Why NASCAR Got the Fine Right for Danica Patrick

Following Sunday’s incident between Danica Patrick and Kasey Kahne, Patrick was understandably angry. A simple miscalculation from Kahne’s No. 5 sent her No. 10 barreling into the frontstretch wall and ultimately out of the race. But instead of showing her displeasure from the safety of her wrecked race car and the EMTs surrounding it, she chose to walk on to a hot race track instead and was fined $20,000 and placed on probation for the next four events.

This decision is a plus for NASCAR. Since the tragic passing of Sprint Car driver Kevin Ward in 2014, the sanctioning body has instituted a rule that prohibits drivers from walking on to a hot race track following an accident.

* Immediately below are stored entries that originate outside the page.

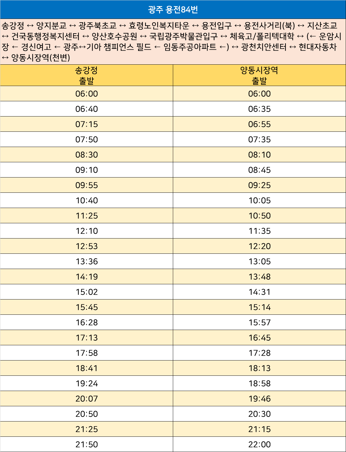 광주 용전84번: 송강정 ↔ 양지분교 ↔ 광주북초교 ↔ 효령노인복지타운 ↔ 용전입구 ↔ 용전사거리(북) ↔ 지산초교 ↔ 건국동행정복지센터 ↔ 양산호수공원 ↔ 국립광주박물관입구 ↔ 체육고/폴리텍대학 ↔ (← 운암시장 ← 경신여고 ← 광주↔기아 챔피언스 필드 ← 임동주공아파트 ←) ↔ 광천치안센터 ↔ 현대자동차 ↔ 양동시장역(천변)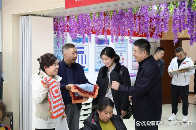 与会代表来到垡头街道养老服务中心,详细了解中心的空间布局、设备设施、医疗保障与生活服务等情况,并就下一步工作提出优化建议。大家还参观了养老服务中心的巧娘工作室,近距离感受编织技艺之美。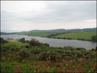 Views of Loch Ascog, Isle of Bute, where I placed Ascog Castle, “the stronghold of Lamont of Ascog, […] a simple rectangular tower house of four stories and a garret surrounded by a sturdy barmkin wall situated on a small rise on the northern edge of the loch.” (Chapter Two). Northern edge is pictured at the top. Note: the actual castle was located across the Kyle in Cowal.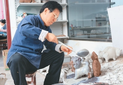 前些年,胡新明大膽嘗試,在泥里加入紙漿、棉花、面糊、糯米汁等,反復(fù)試驗(yàn),研制出“摔不爛”的泥塑;創(chuàng)新泥塑造型,讓各類產(chǎn)品推陳出新。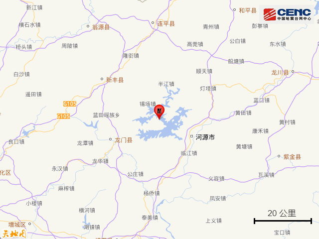 周邊縣城:震中距源城區(qū)22公里、距東源縣24公里、距龍門縣30公里、距新豐縣40公里、距連平縣59公里,距河源市21公里,距廣州市150公里!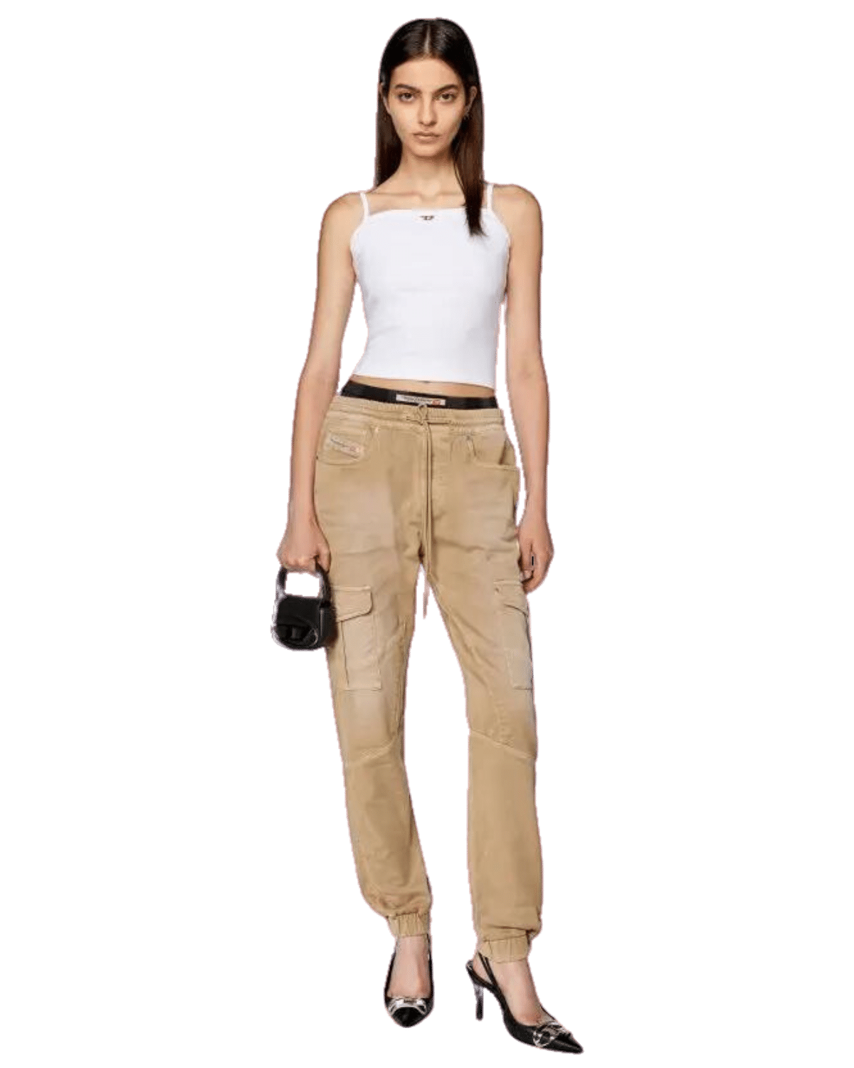 דגמ"ח ג'ינס יוניסקס בגוון חום בהיר/בז' בעיצוב מחוספס עם השראה צבאית-אורבנית מבית DIESEL.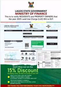 The commissioner therefore, called on property owners in Lagos to seize the opportunity to enjoy a 15% discount on their Land Use Charge payments.
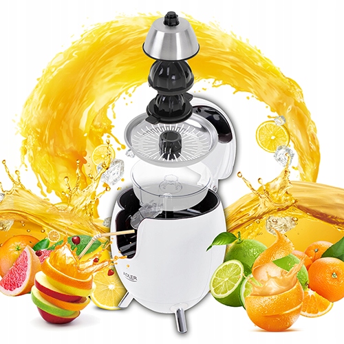 Wyciskarka posiada 2 stożki wyciskające, odpowiednie dla owoców o różnej średnicy. Urządzenie składa się stabilnej podstawy, przykrywki, sitka oddzielającego sok od miąższu oraz dwóch wymiennych stożków wyciskających. Sitko gwarantuje płyn bez pływających w nim cząstek i pestek z owoców. Natomiast stożki ułatwiają wyciskanie soku z mniejszych i większych cytrusów, co ma szczególne znaczenie, jeśli jesteśmy miłośnikami soków grejpfrutowych. Wygoda i prostota użytkowania produktu sprawią, że będzie to idealny zakup dla każdego, kto ceni zdrowe odżywianie i świeże nieprzetworzone soki jako uzupełnienie diety. Elegancki wygląd i możliwość mycia wyjmowanych części w zmywarce czynią ją idealną do każdego rodzaju kuchni. Dzióbek pozwala wyciskać sok bezpośrednio do szklanki z herbatą lub na sok.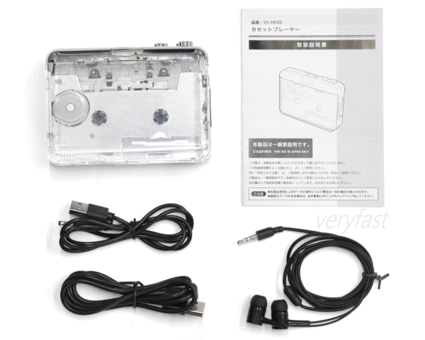 単三形アルカリ乾電池2本(別売)またはUSB電源に対応しています。カセットを入れなおすことなくオートリバース機能でA面B面自動切替。ステレオイヤホンが付属しているので接続して音楽を聴く事ができます。カバンにいれてもかさばらない手のひらサイズなので持ち運びにも便利です。■品名:カセットプレーヤー■品番VS-M020■本体サイズ約W115×D30×H85mm■本体重量約170g■電源:単三アルカリ乾電池2本(別売)、DC電源端子(DC3V 500mA)、USB Type-C(DC3V 500mA)■連続使用時間約1.5〜2時間(単三アルカリ乾電池使用時)■セット内容:本体、USBケーブル、電源ケーブル、ステレオイヤホン(Φ3.5mm)■生産国:中国■本製品では使用できないテープ:ハイポジションテープ、エンドレステープ、メタルポジションテープ、C-90(90分テープ)以上のテープ※連続使用時間は使用環境や使用電池により異なります。本製品にスピーカーはありませんのでイヤホンをご使用下さい。製品本体に録音機能は搭載しておりません。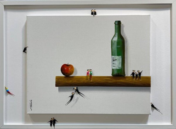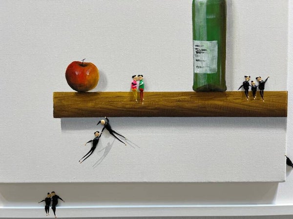 In my work, acrylic paints flow together to form a mesh of surrealism, figurative elements and geometric clarity. The composition is an ode to freedom and the dynamism of life. Every line, every splash of color is carefully placed to create an atmosphere of weightlessness and connection that captures viewers in a web of emotion and reflection. This painting will exude an aura of thoughtfulness and creative energy in your space.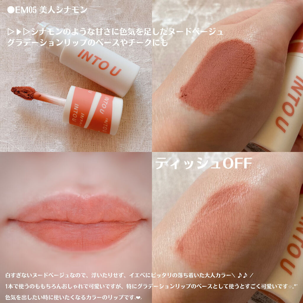INTOU(イントゥユー)スーパーマットリップ&チークマッドINTOU 泥リップ✳カラー✳EM11アーティストモーヴリップにもチークにも使える商品で泥リップEM11アーティストモーヴは、ローズベージュ、とても柔らかい色味でローズよりの粘膜色っ...

Although a few drivers have transgressed that rule since (from J.J. Yeley at Watkins Glen that same weekend to Jennifer Jo Cobb at Dover in June of 2015), most have been good about following this rule designed to keep the drivers from jeopardizing their safety.

So for Patrick to take the risk and climb up the track, even if Kahne was in the wrong, was a foolhardy move that could have proved fatal if the slightest mistake were to happen. While what happened initially between her and Kahne could be considered subjective (whether or not it was intentional contact), what she did was black and white. If a driver gets angry with another driver, flash a few angry gestures from the car, or better yet, wait for them in the garage or on pit road. Time and again we’ve seen that this is usually the best way to go about settling a dispute.

Those arguing in Patrick’s favor would be quick to point out that she was standing just below the white line that separated the track from the apron. True, but that doesn’t shake the fact that she left the area of her car and the EMTs and made it a point to let Kahne know that she was mad. She put herself in harm’s way, and that’s unacceptable.

So in this case, NASCAR was in the right in doling out the punishment to the No. 10 team. Only time will tell if this is enough of a precedent that will deter other drivers from doing the same.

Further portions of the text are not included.